In Eric Conn's story about being a lawyer-on-the-lam, he used a puppy. Conn fled the U.S. after being convicted of a half-billion dollar fraud, and he thought a dog could help him get past border security.
"The little guy was not exactly Rin Tin Tin, but I thought almost everyone loves puppies," he told a hometown paper.
No Stranger to Fiction
No doubt, Conn is a character. In the good old days -- before he was apprehended -- he practiced law like nobody else.
He was the go-to guy for Social Security and disability claimants in Kentucky. He made almost $50 million in his law business, and he enjoyed showing it.

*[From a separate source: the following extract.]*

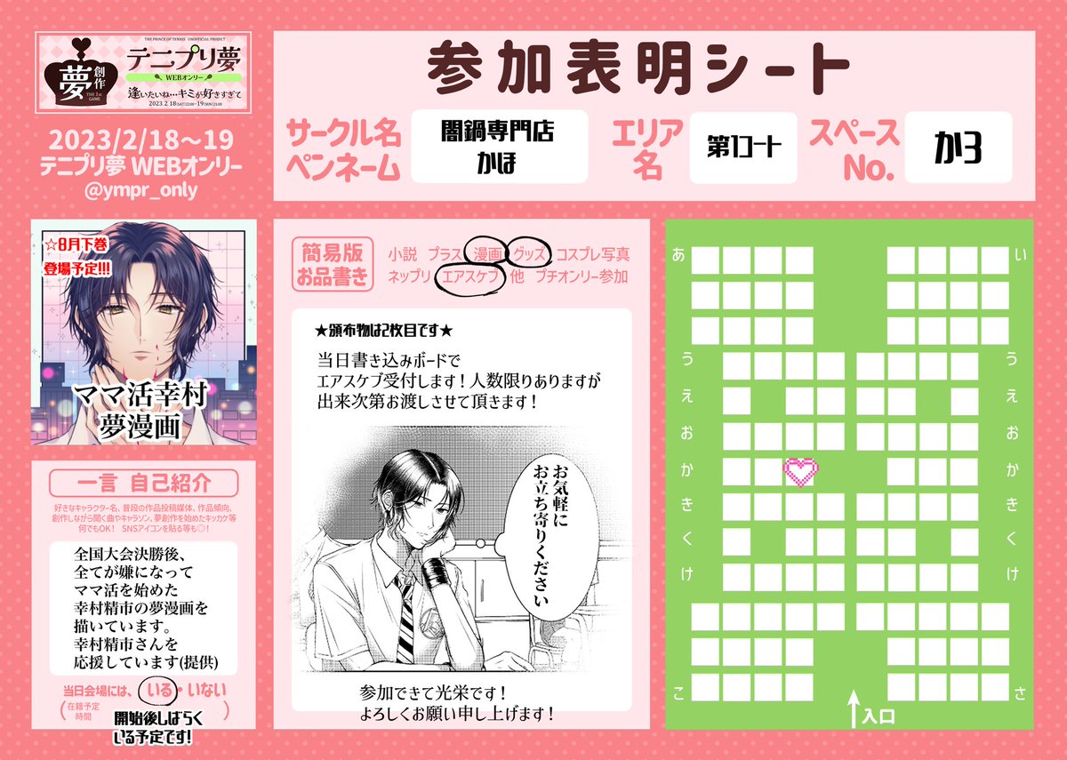 2023年2月18〜19日開催 夢プリwebオンリーに参加します💕💕 サークル:闇鍋専門店 スペース:第1コート か3 続編は8月発行予定です❣️エアスケブも受付しますのでよろしければお気軽にお立ち寄りください🥰 (3枚目シマエナガちゃんのアバターでいます❣️) #ymprオンリー #ymprオンリーお品書き

He put up a 19-foot tall statue of Abraham Lincoln -- a replica of the Lincoln Memorial -- outside his building. His television commercials -- featuring fancy cars and beautiful women -- would make Larry H. Parker cringe.
Maybe that's what caught investigators' attention -- that and the bribes he was paying to a judge. It turns out, Conn conned the government out of $550 million.
Conn: Man on the Lam
After pleading guilty last year, Conn panicked. He told the Lexington Herald-Leader he was afraid he would be molested in prison.
"What does one do when he is forced to reconcile his respect for what he knows is right and his fear of being sexually assaulted or sexually abused?" he wrote the newspaper.
He slipped across the border, then spent six months hiding. "Honestly, honestly," Conn said, "it was horrible."
He said he stashed $40,000 in a Honduras bank account, but he couldn't get the money out by the time he was arrested. He's broke now, and looking at 12 years in prison plus time for his escape.